A força da corte também pautava os pintores e escultores que trabalhavam ao redor de encomendas oficiais ou pintavam temas afins com o interesse de um projeto de nação que era desenvolvido durante o auge do Segundo Reinado. Como capital do Império, o Rio de Janeiro era o celeiro principal de tais carreiras oficiais. O principal momento em que isso ocorre é quando, em 1872, João Alfredo Correia de Oliveira, ministro do Império, contrata dois dos mais promissores pintores brasileiros – Vitor Meirelles e Pedro Américo – para realizarem uma série de pinturas históricas com batalhas que marcaram a história oficial do Império. Meirelles ficou responsável pelas telas “Combate Naval no Riachuelo” e “Passagem do Humaitá”, enquanto Américo pintou a “Batalha de Campo Grande”.
Após receberem pelas primeiras pinturas a comenda imperial da Ordem da Rosa, são novamente convocados para mais dois trabalhos. Pedro Américo é convidado a pintar a Batalha dos Guararapes, porém prefere outra, a Batalha do Avaí. Assim, Meirelles fica com o tema pernambucano.
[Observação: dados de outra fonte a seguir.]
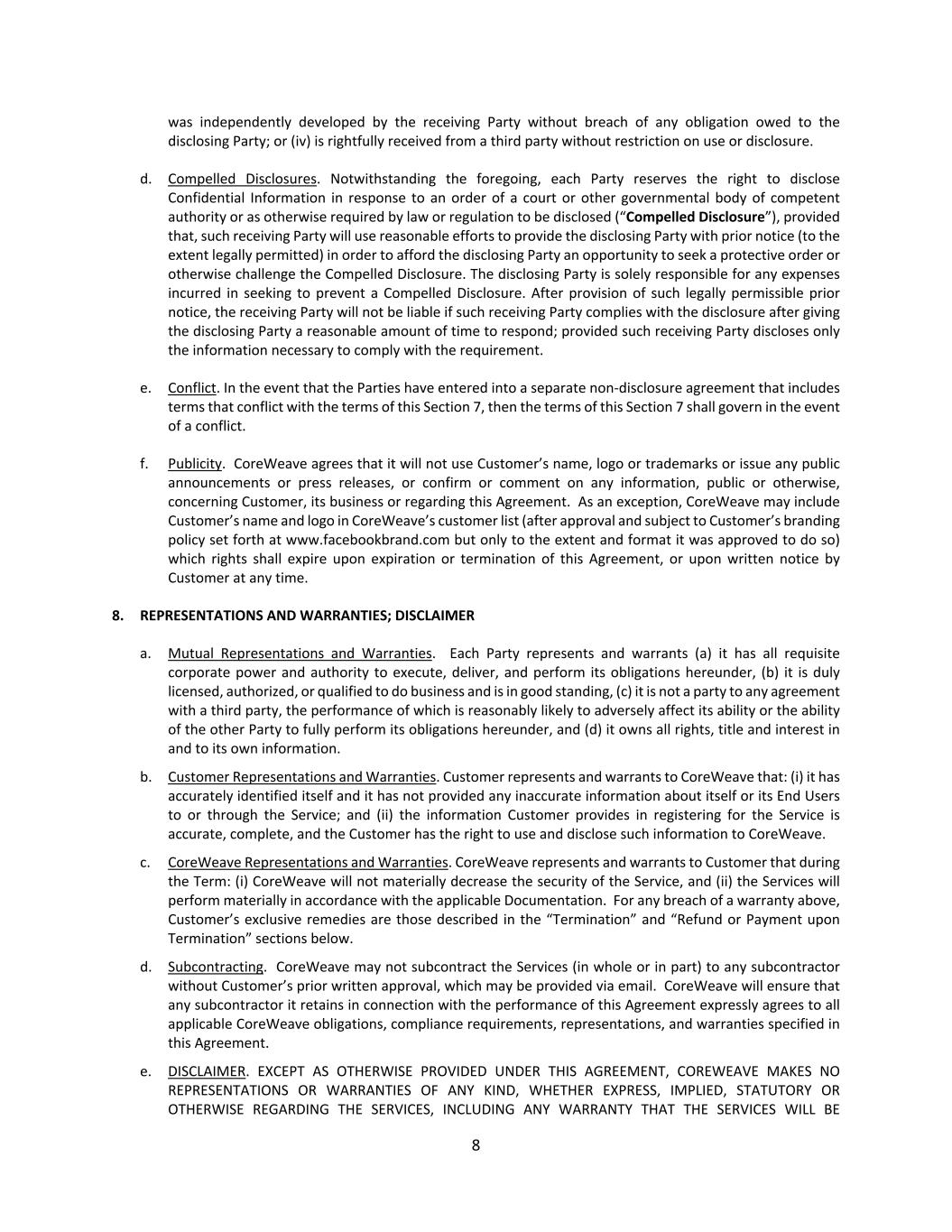 8 was independently developed by the receiving Party without breach of any obligation owed to the disclosing Party; or (iv) is rightfully received from a third party without restriction on use or disclosure. d. Compelled Disclosures. Notwithstanding the foregoing, each Party reserves the right to disclose Confidential Information in response to an order of a court or other governmental body of competent authority or as otherwise required by law or regulation to be disclosed (“Compelled Disclosure”), provided that, such receiving Party will use reasonable efforts to provide the disclosing Party with prior notice (to the extent legally permitted) in order to afford the disclosing Party an opportunity to seek a protective order or otherwise challenge the Compelled Disclosure. The disclosing Party is solely responsible for any expenses incurred in seeking to prevent a Compelled Disclosure. After provision of such legally permissible prior notice, the receiving Party will not be liable if such receiving Party complies with the disclosure after giving the disclosing Party a reasonable amount of time to respond; provided such receiving Party discloses only the information necessary to comply with the requirement. e. Conflict. In the event that the Parties have entered into a separate non-disclosure agreement that includes terms that conflict with the terms of this Section 7, then the terms of this Section 7 shall govern in the event of a conflict. f. Publicity. CoreWeave agrees that it will not use Customer’s name, logo or trademarks or issue any public announcements or press releases, or confirm or comment on any information, public or otherwise, concerning Customer, its business or regarding this Agreement. As an exception, CoreWeave may include Customer’s name and logo in CoreWeave’s customer list (after approval and subject to Customer’s branding policy set forth at www.facebookbrand.com but only to the extent and format it was approved to do so) which rights shall expire upon expiration or termination of this Agreement, or upon written notice by Customer at any time. 8. REPRESENTATIONS AND WARRANTIES; DISCLAIMER a. Mutual Representations and Warranties. Each Party represents and warrants (a) it has all requisite corporate power and authority to execute, deliver, and perform its obligations hereunder, (b) it is duly licensed, authorized, or qualified to do business and is in good standing, (c) it is not a party to any agreement with a third party, the performance of which is reasonably likely to adversely affect its ability or the ability of the other Party to fully perform its obligations hereunder, and (d) it owns all rights, title and interest in and to its own information. b. Customer Representations and Warranties. Customer represents and warrants to CoreWeave that: (i) it has accurately identified itself and it has not provided any inaccurate information about itself or its End Users to or through the Service; and (ii) the information Customer provides in registering for the Service is accurate, complete, and the Customer has the right to use and disclose such information to CoreWeave. c. CoreWeave Representations and Warranties. CoreWeave represents and warrants to Customer that during the Term: (i) CoreWeave will not materially decrease the security of the Service, and (ii) the Services will perform materially in accordance with the applicable Documentation. For any breach of a warranty above, Customer’s exclusive remedies are those described in the “Termination” and “Refund or Payment upon Termination” sections below. d. Subcontracting. CoreWeave may not subcontract the Services (in whole or in part) to any subcontractor without Customer’s prior written approval, which may be provided via email. CoreWeave will ensure that any subcontractor it retains in connection with the performance of this Agreement expressly agrees to all applicable CoreWeave obligations, compliance requirements, representations, and warranties specified in this Agreement. e. DISCLAIMER. EXCEPT AS OTHERWISE PROVIDED UNDER THIS AGREEMENT, COREWEAVE MAKES NO REPRESENTATIONS OR WARRANTIES OF ANY KIND, WHETHER EXPRESS, IMPLIED, STATUTORY OR OTHERWISE REGARDING THE SERVICES, INCLUDING ANY WARRANTY THAT THE SERVICES WILL BE

Ambos se esmeram em seus trabalhos – o primeiro a realizando em um ateliê em Florença e o segundo fazendo imersões constantes na região retratada – e expõe seus resultados majestosos (a tela de Pedro Américo é a maior já feita no país até então) na Exposição Geral de Belas Artes em 1879. Com um público quase trinta mil pessoas para conferirem os trabalhos, as telas geraram muitas polêmicas em jornais e ruas da cidade, naquilo que ficou conhecida como a questão artística.
Outro ponto a se destacar na vida artística da cidade é o surgimento de um novo campo profissional para desenhistas e artistas gráficos através das primeiras revistas ilustradas. Em 1860 Henrique Fluss começa a publicação da Semana Ilustrada, cujos personagens desenhados marcam época no Império. Em 1868, o desenhista italiano Angelo Agostini funda A Vida Fluminense, onde exerceria seu talento de caricaturista mais famoso daquele período e pioneiro das histórias em quadrinhos no país. Ele também colaborou em outras publicações ilustradas que surgiam na cidade, como O Mosquito e Comédia Social (ambos de 1870), além da Revista Ilustrada, que ajudou a fundar em 1876.